DIRECTIONS: Your answer should contain only the lines from the top of the data below down through the one with "Tiny Marquise CZ", transcribed exactly and without pictures; please include nothing more.

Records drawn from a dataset
********************

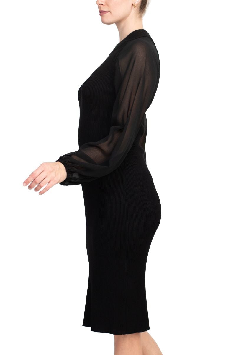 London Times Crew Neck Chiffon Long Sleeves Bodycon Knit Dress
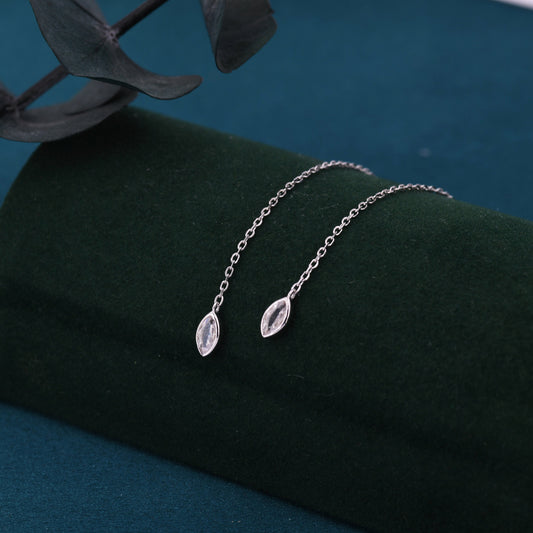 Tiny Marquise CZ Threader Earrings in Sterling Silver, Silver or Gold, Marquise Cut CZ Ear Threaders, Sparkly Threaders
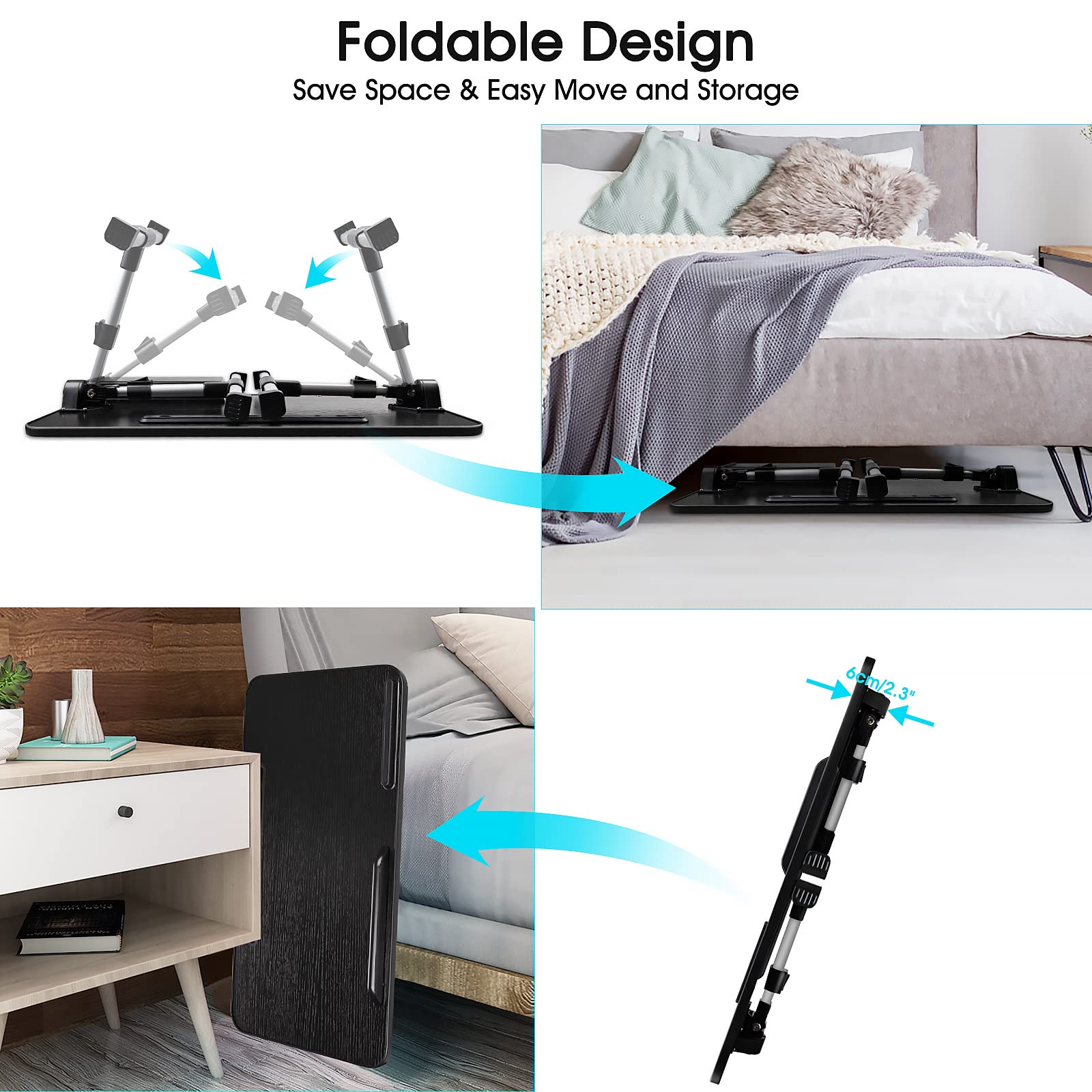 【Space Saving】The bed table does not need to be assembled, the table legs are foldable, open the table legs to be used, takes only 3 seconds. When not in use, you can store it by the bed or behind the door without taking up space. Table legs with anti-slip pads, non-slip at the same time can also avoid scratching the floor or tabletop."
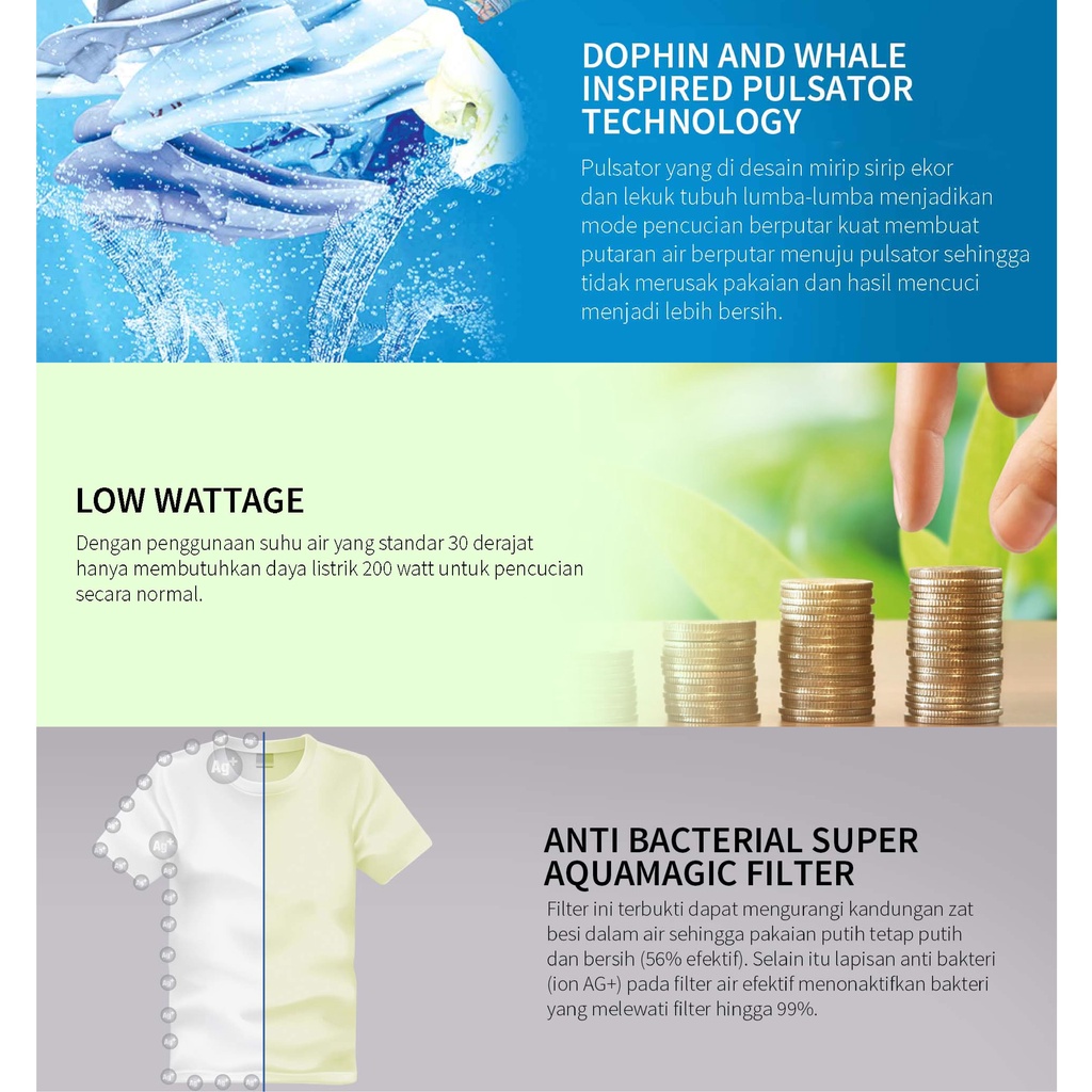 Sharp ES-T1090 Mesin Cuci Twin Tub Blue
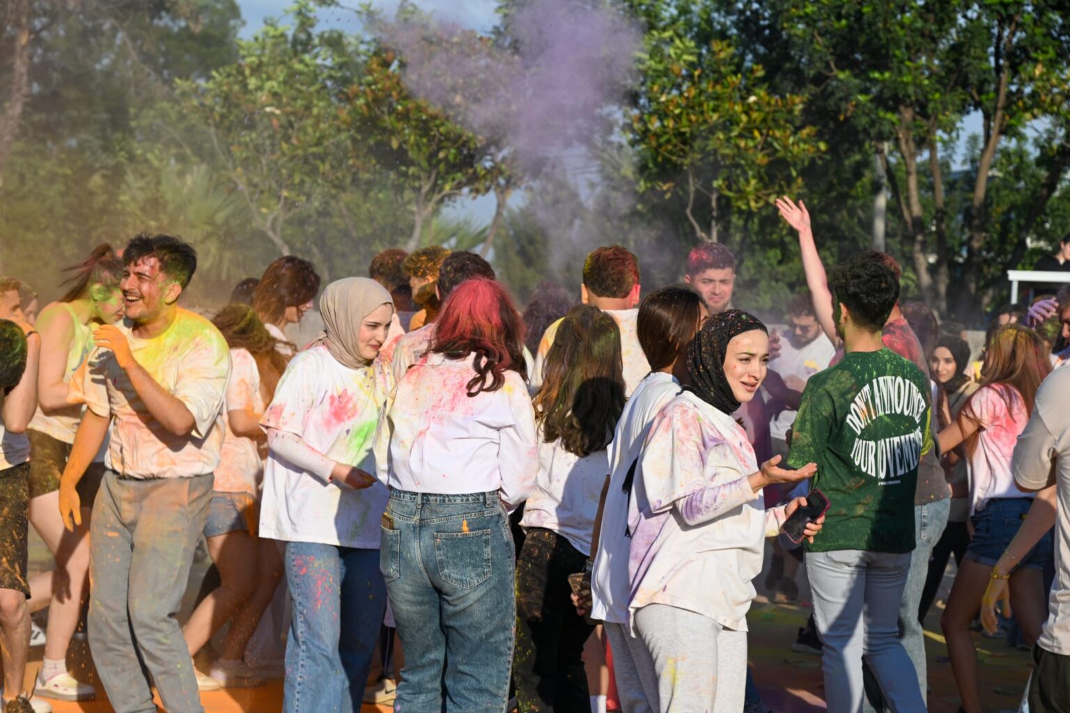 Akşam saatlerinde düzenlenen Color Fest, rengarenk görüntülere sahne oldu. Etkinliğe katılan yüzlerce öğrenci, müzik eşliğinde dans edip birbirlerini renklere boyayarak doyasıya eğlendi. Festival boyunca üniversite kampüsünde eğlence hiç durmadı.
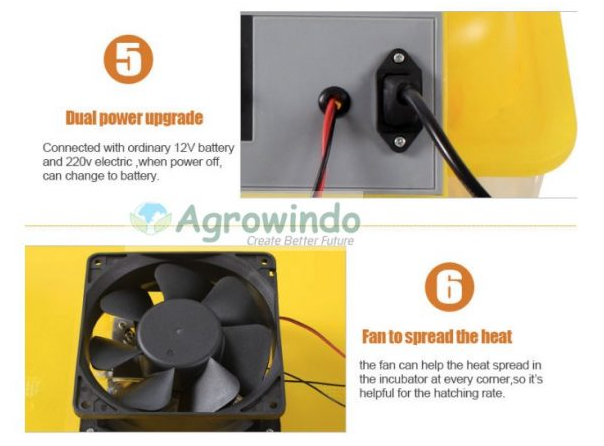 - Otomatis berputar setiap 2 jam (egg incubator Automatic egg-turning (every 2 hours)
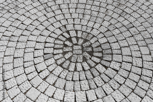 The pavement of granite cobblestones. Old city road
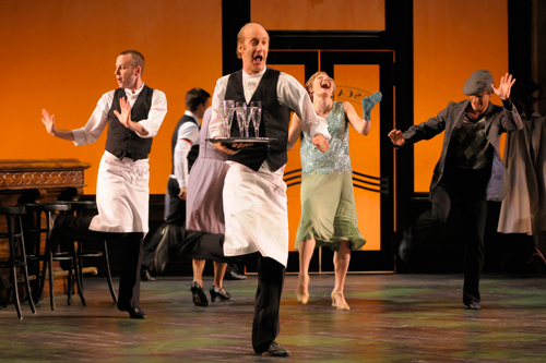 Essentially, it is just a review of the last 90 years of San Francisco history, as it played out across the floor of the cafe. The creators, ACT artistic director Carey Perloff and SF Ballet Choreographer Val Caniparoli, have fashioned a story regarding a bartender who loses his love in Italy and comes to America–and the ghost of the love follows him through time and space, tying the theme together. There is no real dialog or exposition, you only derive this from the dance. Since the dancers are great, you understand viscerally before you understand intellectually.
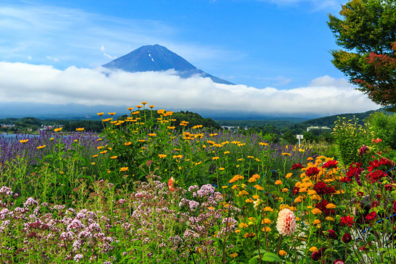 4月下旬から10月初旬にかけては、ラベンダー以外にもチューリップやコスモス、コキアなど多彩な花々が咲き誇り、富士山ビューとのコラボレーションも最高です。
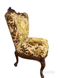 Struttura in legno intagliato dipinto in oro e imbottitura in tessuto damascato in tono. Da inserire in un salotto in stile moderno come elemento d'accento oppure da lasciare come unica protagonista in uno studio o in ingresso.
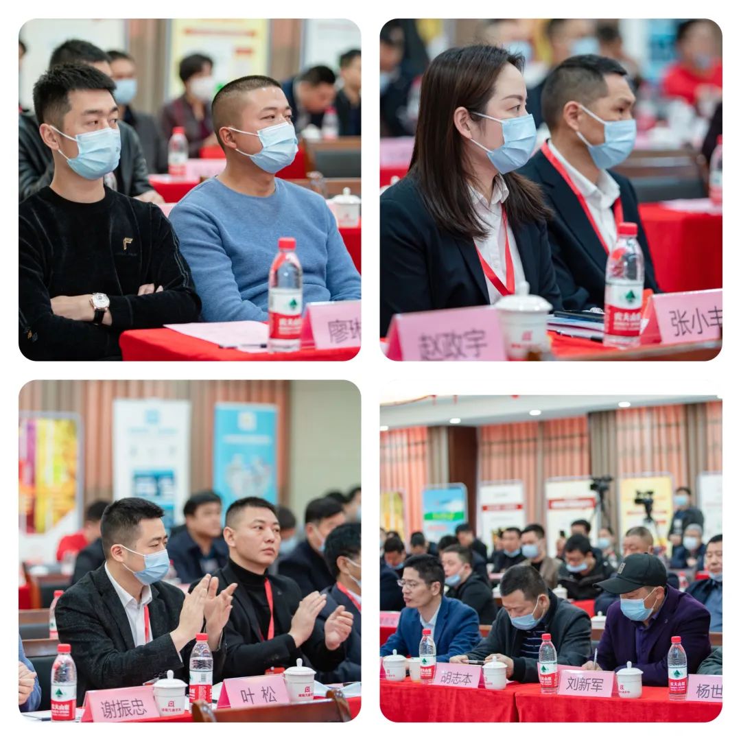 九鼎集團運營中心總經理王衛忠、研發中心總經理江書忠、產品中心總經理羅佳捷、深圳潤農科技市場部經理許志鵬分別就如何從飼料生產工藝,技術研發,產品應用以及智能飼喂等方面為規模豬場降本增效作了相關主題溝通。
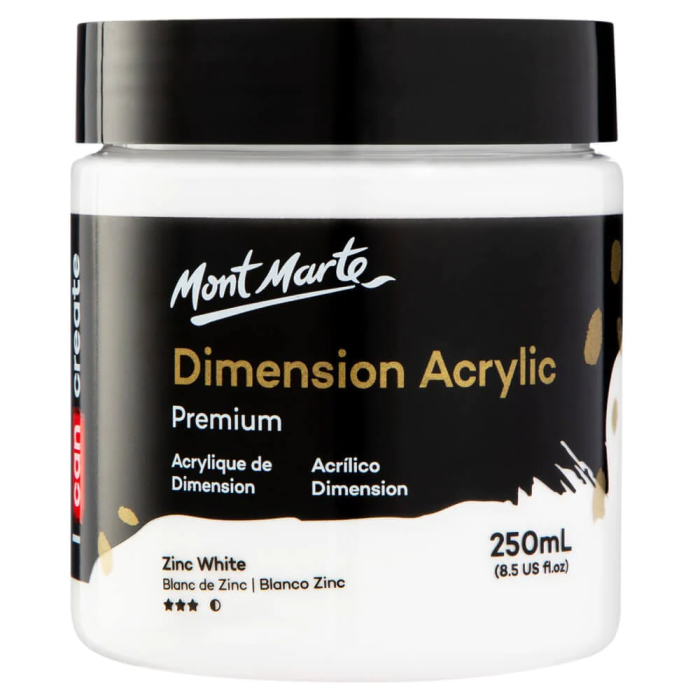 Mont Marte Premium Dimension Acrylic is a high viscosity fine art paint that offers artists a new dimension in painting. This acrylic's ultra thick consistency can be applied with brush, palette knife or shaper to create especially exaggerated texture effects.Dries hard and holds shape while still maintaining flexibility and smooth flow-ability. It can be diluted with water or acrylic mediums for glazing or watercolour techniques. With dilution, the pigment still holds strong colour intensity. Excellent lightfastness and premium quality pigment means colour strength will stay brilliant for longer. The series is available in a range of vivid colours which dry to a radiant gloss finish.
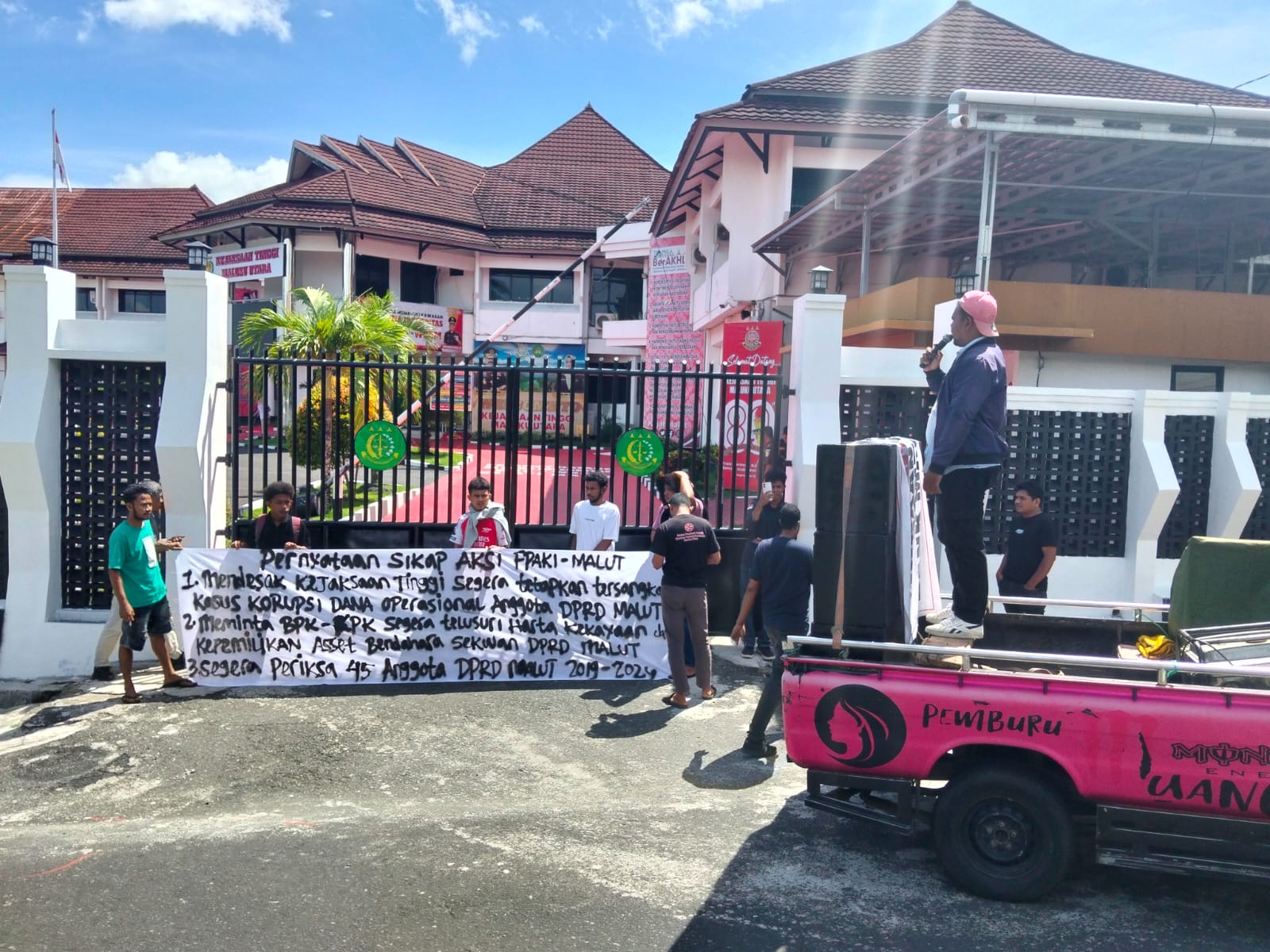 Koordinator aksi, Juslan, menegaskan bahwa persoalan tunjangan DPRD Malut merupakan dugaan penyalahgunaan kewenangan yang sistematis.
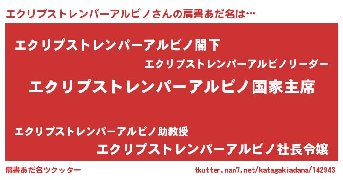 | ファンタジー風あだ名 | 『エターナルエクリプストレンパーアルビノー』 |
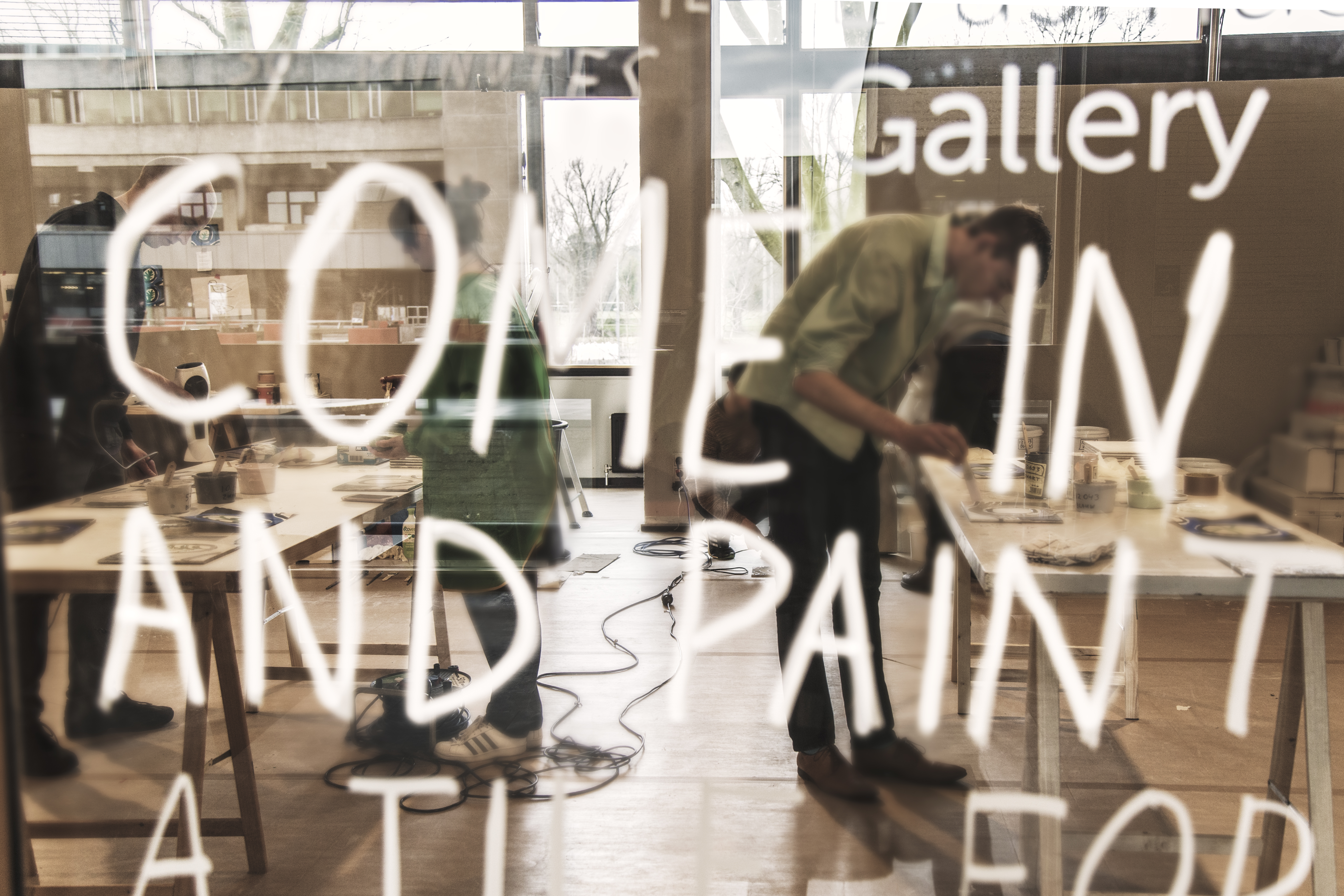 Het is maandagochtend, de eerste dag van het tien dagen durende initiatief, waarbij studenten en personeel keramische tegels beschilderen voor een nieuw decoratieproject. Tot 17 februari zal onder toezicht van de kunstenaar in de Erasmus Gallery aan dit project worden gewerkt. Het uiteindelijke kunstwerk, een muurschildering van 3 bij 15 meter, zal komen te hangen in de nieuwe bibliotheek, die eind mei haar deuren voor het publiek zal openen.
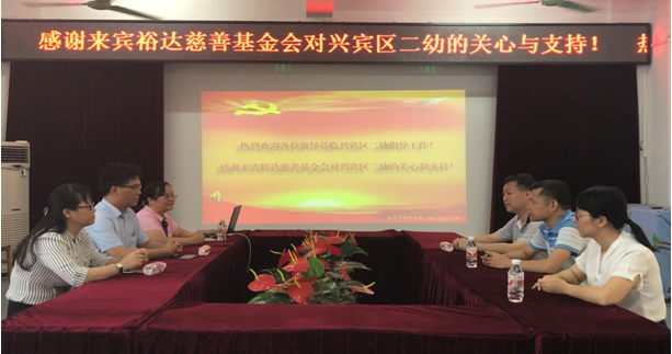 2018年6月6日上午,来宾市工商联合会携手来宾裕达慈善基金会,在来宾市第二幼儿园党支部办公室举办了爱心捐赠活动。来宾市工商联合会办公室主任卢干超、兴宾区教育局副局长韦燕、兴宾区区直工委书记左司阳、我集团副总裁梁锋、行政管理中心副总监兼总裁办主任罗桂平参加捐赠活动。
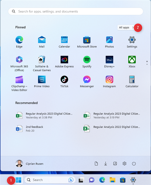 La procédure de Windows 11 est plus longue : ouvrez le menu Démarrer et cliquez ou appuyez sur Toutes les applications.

********************

RESPONSE BOX:
 London Times Crew Neck Chiffon Long Sleeves Bodycon Knit Dress
 Tiny Marquise CZ Threader Earrings in Sterling Silver, Silver or Gold, Marquise Cut CZ Ear Threaders, Sparkly Threaders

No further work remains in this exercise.